Indonesians, Malaysians and Singaporeans need to understand this -- Singapore (with a population of 5 million and a GDP of US$276.5 billion with a 2012 defence budget of about US$9.7 billion) has no interest in seeing relations with any close neighbour, strained. To give you an idea of the size difference, our immediate neighbours have the following characteristics:-
(i) Indonesia is more a thousand times larger than Singapore in land size (with a population of 242 million and a GDP of US$878.2 billion, with a 2012 defence budget of about US$6.8 billion); and
(ii) Malaysia is more than 470 times larger than Singapore in land size (with a population of 29 million and a GDP of US$303.5 billion, with a 2012 defence budget of about US$4.7 billion).

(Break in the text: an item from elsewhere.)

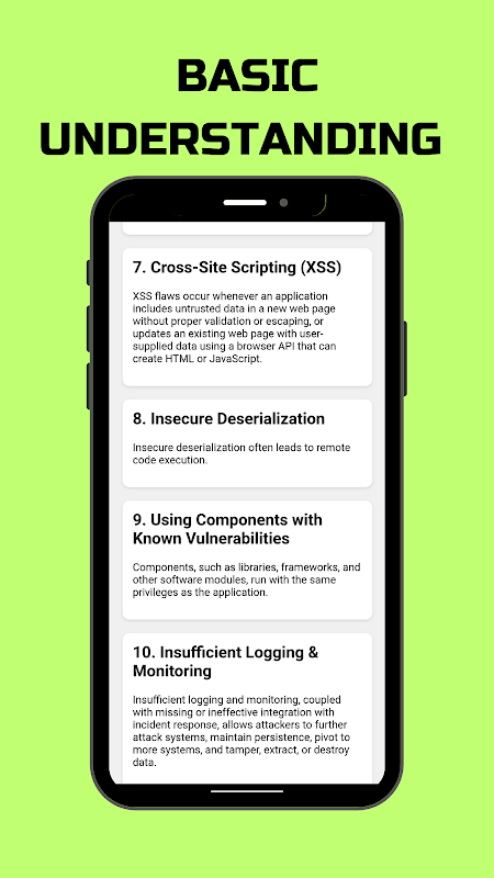 Trao quyền cho bản thân với kiến thức để bảo mật các ứng dụng web của bạn trước các mối đe dọa tiềm ẩn. "OWASP 50" là hướng dẫn toàn diện của bạn về 50 lỗ hổng hàng đầu được Dự án Bảo mật Ứng dụng Web Mở xác định. Cho dù bạn là nhà phát triển, chuyên gia bảo mật hay chỉ tò mò về bảo mật ứng dụng web, ứng dụng này đều cung cấp thông tin chuyên sâu về các rủi ro tiềm ẩn và chiến lược giảm thiểu.

I tend to think of Singapore's main battle tanks as a tool for persuasion (in the hard power tool kit of a state that is geographically disadvantaged). They help to persuade any ambitious neighbour that it is not in their interest to engage in overtly hostile acts that we will punish. And we believe that just bombing the capital and bases of an aggressor is not sufficient it itself to persuade the aggressor to cease hostilities. Main battle tanks (MBTs), serving as part of the SAF's ABGs in the Singapore Army Divisions provide military options for our leaders, should the need arise. As our defence minster recently noted, more powerful you are, the less enemies you have - that is why we don't need to think of our neighbours as our enemy - and how they think of us is their choice. On occasion we have been called a 'little red dot', by the Indonesians, which was intended as an insult. Instead of being insulted Singapore retailers now have a range of 'little red dot' merchandise for sale to tourists.
This is also why 'decisive' an important word in the SAF's mission - Singapore's MBTs will move out for war supported by a thousand other armoured vehicles in the first wave. IMO, it is very hard to be decisive in ground warfare without MBTs, as an important node, in the SAF's way of war.